= Archibald Crofts =

Australian politician (1875–1942)

Archibald Crofts (9 September 1875 - 20 May 1942) was an Australian politician, business owner and sports figure.

Crofts was born in Secunderabad, British India to soldier Benjamin Crofts and Jane Hemhilswood, raised in Victoria and educated in Adelaide, before becoming a merchant. In 1905, he owned and ran a grocery in South Melbourne, which he expanded to include 137 branches throughout Victoria and the Riverina as Crofts Stores, as well as subsidiary interests in the wholesale grocery, manufacturing grocery and wholesale dairy produce trades.

Crofts was heavily involved in sporting endeavours, including Victorian Football League (VFL) club South Melbourne, horse racing and lawn bowls. His horses had won £22 670 by the time of his death, and his best known steeds Valiant Chief and El Golea, which won the Newmarket Handicap in 1939. In October 1940 El Golea was shot twice while in his stall; it was thought that the shooter mistakenly believed El Golea was fellow racehorse Beau Vite.

In late 1931 South Melbourne Football Club official Jack Rohan persuaded Crofts to become club vice-president, as Croft's wealth, stature in the local community and Protestantism would help the club (South Melbourne was primarily a Catholic club). Crofts was elected president in 1933, serving until 1937. As President, Crofts had the financial resources to help attract star Australian rules footballers to South Melbourne, paying them the maximum £3.00 per match allowed under the VFL's Coulter Law and employing many of them in his business. In all, between 1931 and 1934 South Melbourne recruited 11 players, including seven from Western Australia.
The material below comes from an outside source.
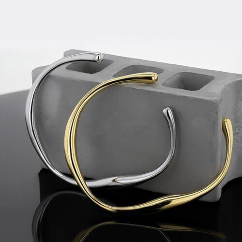 [#925sss] 公式 サージカルステンレス 18K [金属アレルギー対応] 本物 高級 ツイスト オーガニック リキッドメタル バングル ブレスレットフリーサイズ [安心の30日返品品質保障]
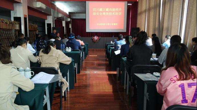 7月16日和7月31日-8月2日,在甘孜州科技局、康定市农牧农村和科技局、甘孜州畜科所组织下,刘益平一行针对泸定、康定周边养殖户、农技员、驻村干部和畜牧业相关从业人员各100余人,在康定市分别开展了以“藏鸡保种选育与扩繁推广”和“四川藏区藏鸡提档升级安全增效技术培训”为主题的养殖技术的基层科普培训和县级科技培训。在培训中,讲解了四川藏鸡的概况以及相关养殖技术知识外,发放了团队编写的《藏鸡养殖技术百问百答》技术手册,还对养殖户所遇到的饲养技术问题一一答疑,特别对当前非洲猪瘟疫病防控带来的畜牧行业的影响进行了相关探讨,并现场到达养殖户养殖地点进行现场养殖技术指导。

In response, a journalist jokingly suggested that South Melbourne should be known as "The Swans" (swans being the faunal emblem of Western Australia).

Crofts was elected councillor for South Melbourne City Council's Queens Ward in 1931, serving to 1942, including a stint as mayor from 1934 to 1935. In 1935, Crofts won a by-election for Melbourne South Province in the Victorian Legislative Council, representing the United Australia Party; he transferred to the new Monash Province in 1937, where he was reelected unopposed at the 1940 Victorian state election.

In addition to his parliamentary and council service, Crofts was heavily involved in the local community, serving as a member of the Albert Park management committee, Prince Henry's Hospital board and the Royal Victorian Institute for the Blind board.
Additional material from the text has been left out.